On Thu, Jan 31, 2013 at 2:05 AM, Moises Belchin <[email protected]> wrote:
> Is there any significant benefit between code#1 and code#2 ?? In docs you
> can read code#2 run in parallel.
> https://developers.google.com/appengine/docs/python/ndb/async#parallel_queries_yield
>
>> @ndb.tasklet
>>
>> def get_cart_plus_offers(acct):
>>
>>   cart, offers = yield get_cart_async(acct), get_offers_async(acct)
>>
>>   raise ndb.Return((cart, offers))
>>
>> That yield x, y is important but easy to overlook.
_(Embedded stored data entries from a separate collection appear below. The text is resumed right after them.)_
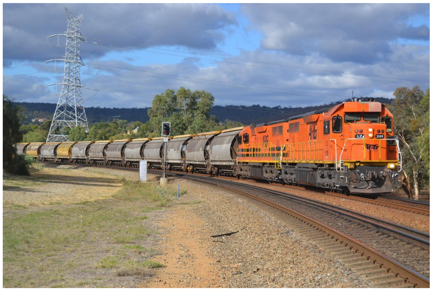
It is still possible to find multi coupled LZ locomotives running grain trains here LZ309 & LZ3117 run 7056 through Bellevue May 21st that come May 2012 with new grain contract will end.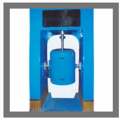
Attrition Mill Machine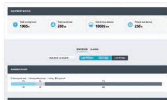
Plan your maintenance and spare parts needs.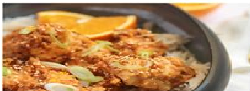
LIGHTER ORANGE CHICKEN

487 CALORIES | 33 PROTEIN | 41 CARBS | 25 FAT% | SERVES 4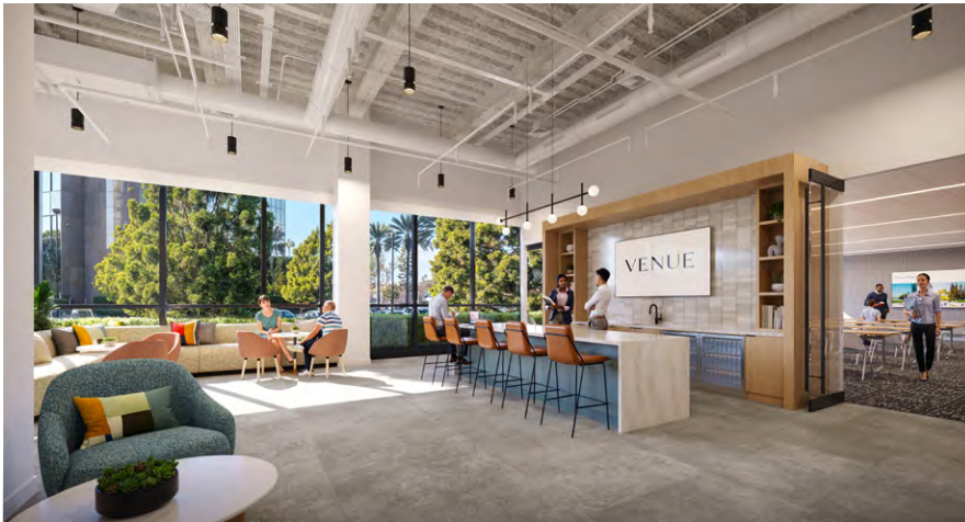
VENUE MEETINGS & EVENTS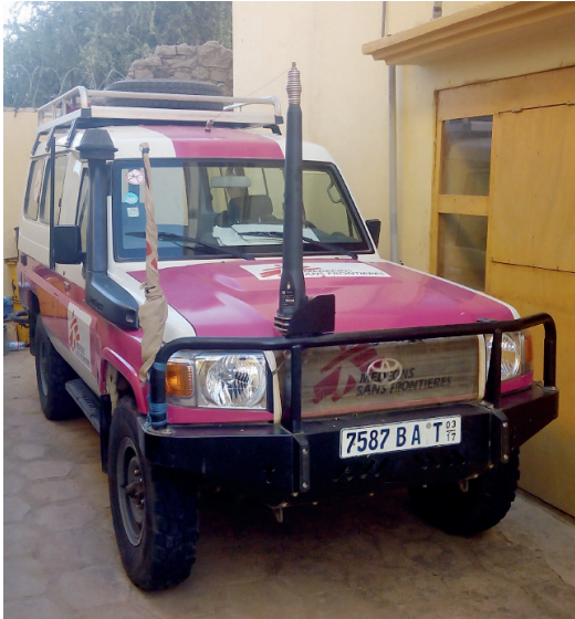
MSF vehicles in Ansongo

In MSF's view, the best way to differentiate from armed actors is to avoid collaboration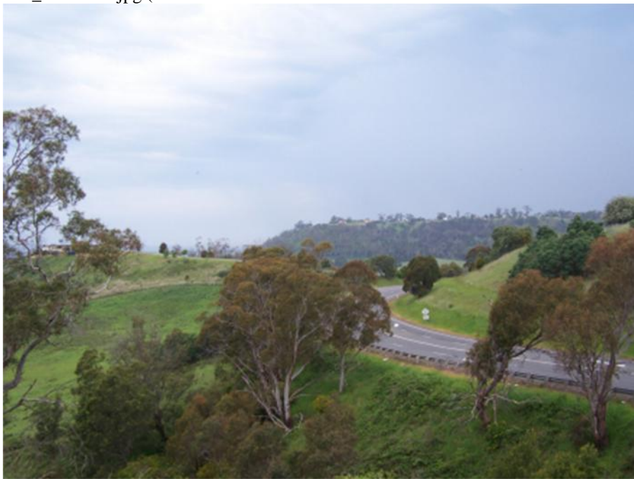
From Brady's Lookout to Grindelwald in the smoke. Nothing is visible towards Launceston 100_3068-11b.jpg (212.27 KiB)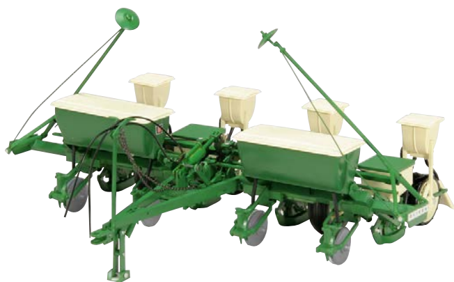
SCT 703 Oliver 540 planter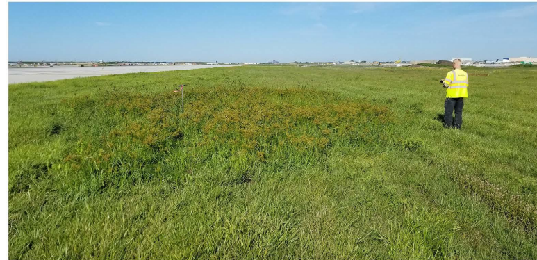
Photo 252. NW19-080, General site, View to the west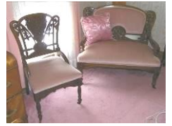
Ornate Chair & settee – tiger oak,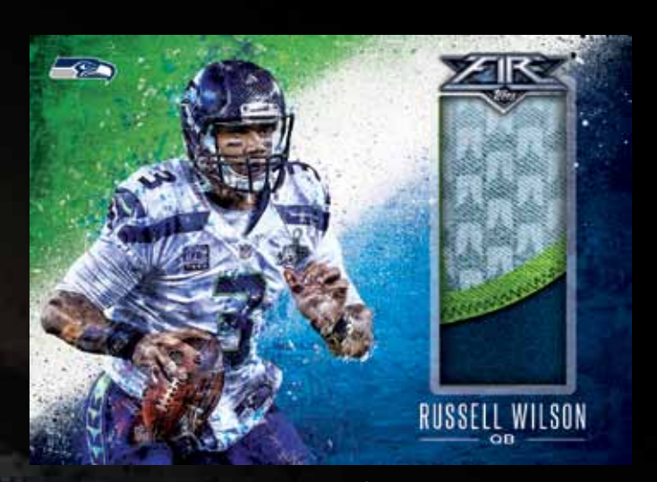
Fire Relic Card

Onyx Patch Parallel #'d to 5 Red Patch Parallel #'d 1/1 HOBBY ONLY!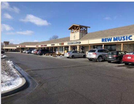
Pictured: Greystone South Shopping Center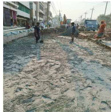
Figure 2(b): Improved subgrade or sand filling work

Base course preparation: The base course layer is completed after the subbase course layer is completed. Brick chips or stone chips make up 80% to 90% of the base course. Base course is often utilized on flexible pavement; however, it is also employed on rigid pavement with high wheel loads in rare circumstances. In the case of flexible pavement, the base course is normally located under the surface course, and in the case of rigid pavement, it is located beneath the RCC road surface. The base course's minimum CBR value is 80%. The base course surface should be compacted again if the CBR value is less than 80%. Depending on the road design, base course layer thickness is given around 100 mm to 300 mm in thickness. If the thickness of this layer is greater, 100 mm to 150 mm layers are rolled though a heavy weight roller at layer by layer for proper compaction, with the maximum size of brick or stone chips remaining at 38 mm. Figure 3(b) illustrates that the Base course preparation work at road construction site.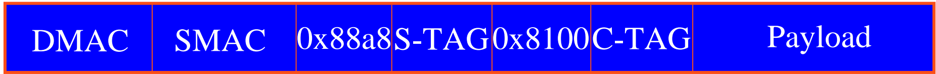
Tagged frame format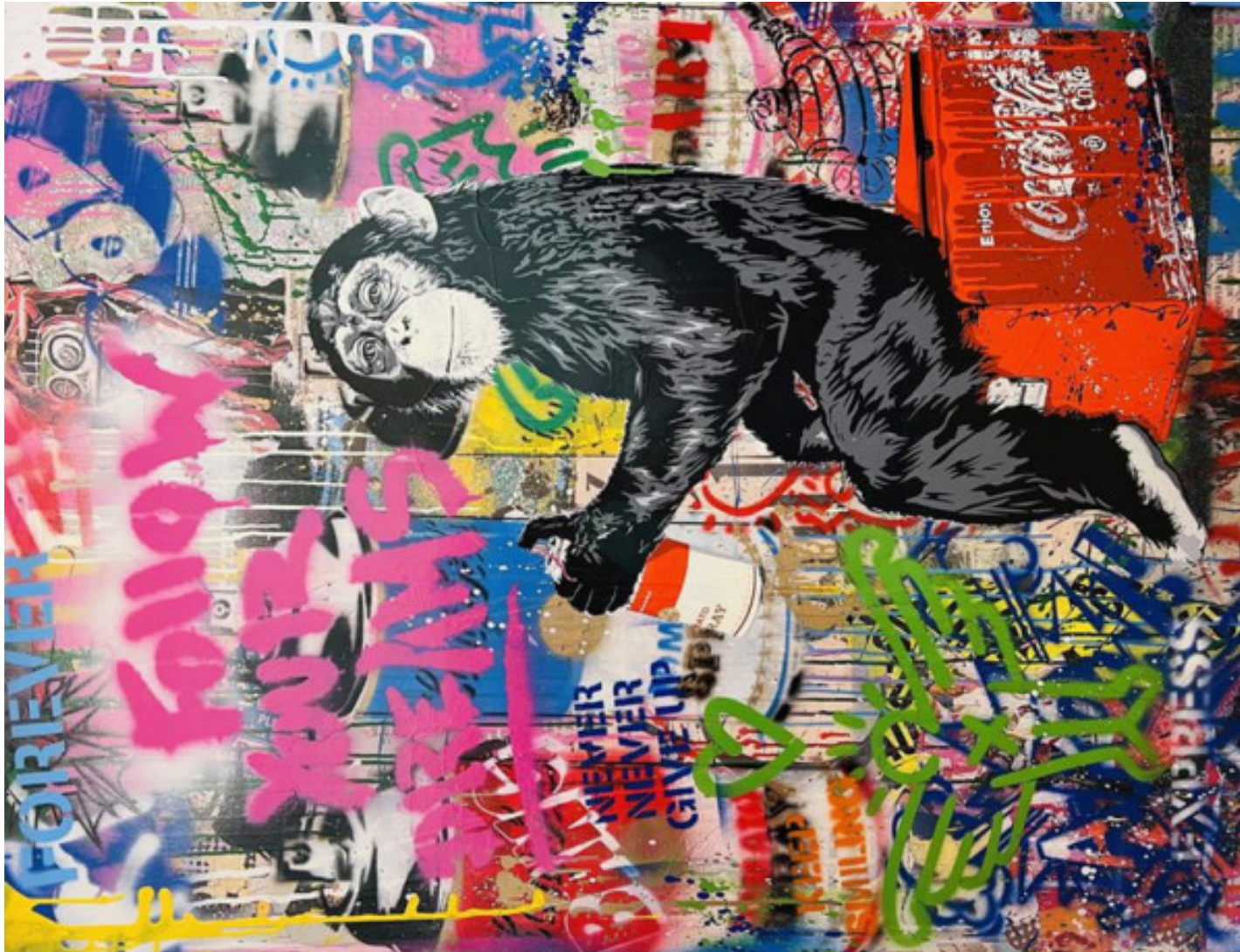
Everyday Life – Follow Your Dreams 2020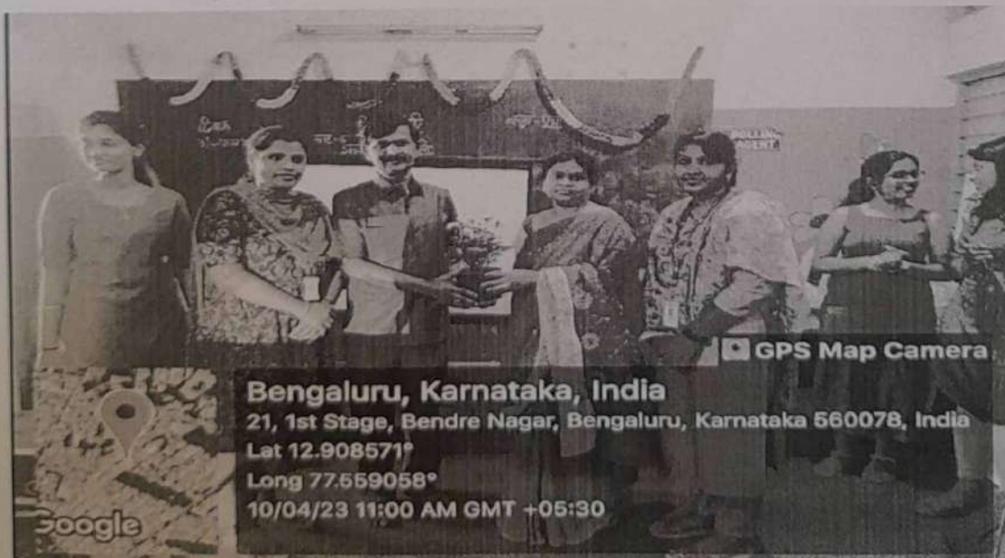
2. Hounarung School Principal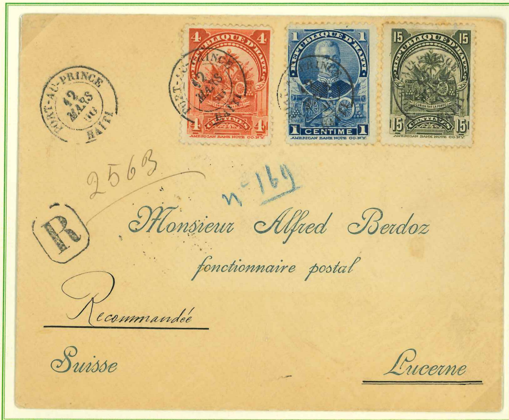
12 March 1900, from Port au Princes addressed to Lucerne (Switzerland), delivered on 30 of the same month. A 20 centimes Registered single rated cover. The pre-printed envelope most probably containing postage stamps.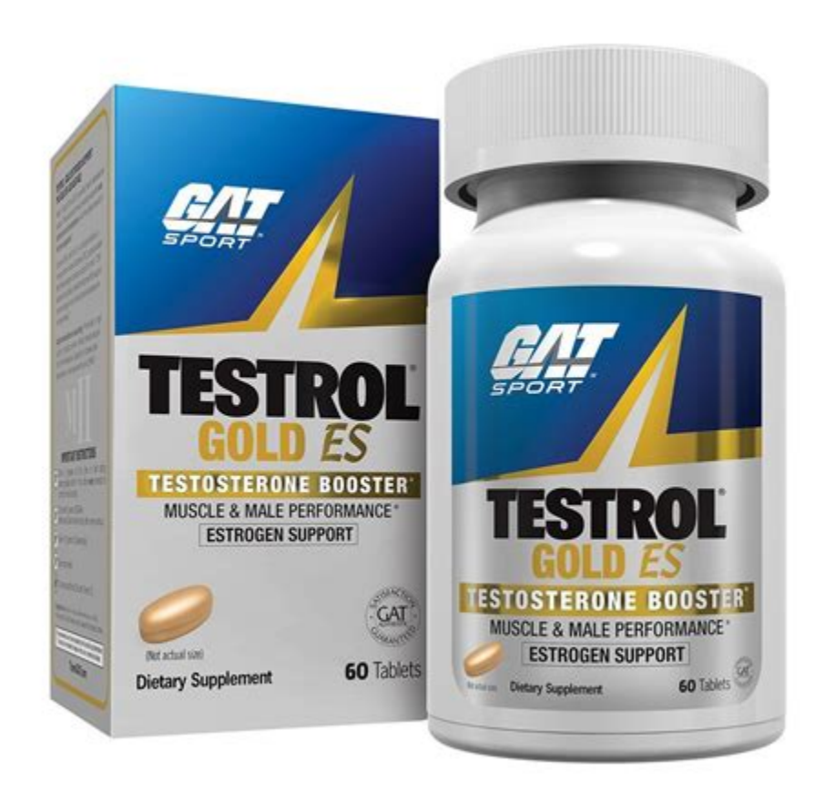
Top 5 Testo Boosters to Buy in the Philippines (Updated 2022)

Where to go for testosterone in the Philippines Support I started testosterone two years ago. The place where I am treated is a hospital and the doctors always give me injections. I want to continue my treatment while I'm in the Philippines for a long period of time, but I have no idea where or how they are doing it.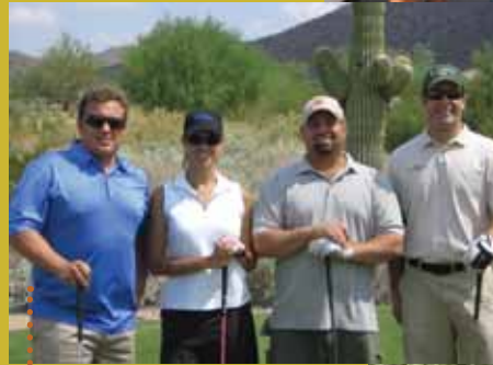
GET A GRIP AND HAVE FUN AT NEXT YEAR'S AAED GOLF TOURNEY.

If that were two
>> separate yield statements, they would happen in series. But yielding a tuple
>> of tasklets is a parallel yield: the tasklets can run in parallel and the
>> yield waits for all of them to finish and returns the results. (In some
>> programming languages, this is known as a barrier.)
>
>
> In appstats there is no significant difference between both options or maybe
> I don't see it. It's possible I'm missing something.
>
> Could someone bring to me more light here ?!
>
> Thanks in advance and best regards.
>
> Code#1:
>
> @ndb.tasklet
> def get_data(e):
>   usr = yield e.user.get_async()
>   det = yield MyKind.query(ancestor = e.key).fetch_async()
>   raise ndb.Return((e, usr, det))
>
> Code#2:
>
> @ndb.tasklet
> def get_data_parallel(e):
>   usr, det = yield (e.user.get_async(), MyKind.query(ancestor =
> e.key).fetch_async())
>   raise ndb.Return((e, usr, det))

Are you looking at Appstats in the dev appserver? It does not give
results (in cases like this) that match production. The dev appserver
does not really execute RPCs in parallel (which is the same as
concurrently, here).

I promise you that in production the "yield f1, f2" form runs the
tasks represented by futures f1 and f2 concurrently (== in parallel).

I should also explain (again) that there is a huge difference between this:

f1 = foo_async()
f2 = bar_async()
yield f1, f2

vs.

yield foo_async()
yield bar_async()

the latter is equivalent to

f1 = foo_async()
yield f1
f2 = bar_async()
yield f2

Because the first future is yielded before the second is even created,
nothing runs concurrently (== in parallel) here. However, now compare
to this:

f1 = foo_async()
f2 = bar_async()
yield f1
yield f2

This runs both futures in parallel (== concurrently) even though they
are yielded separately! The reason is that when you yield *any*
future, *all* futures that exist at that point are allowed to run. But
futures that haven't been created yet can't run!

Hope this helps. It is important to "get" this. (Also that no future
runs until you yield something. Futures are buffered in the app's
memory until a yield forces all buffered futures out to the servers.)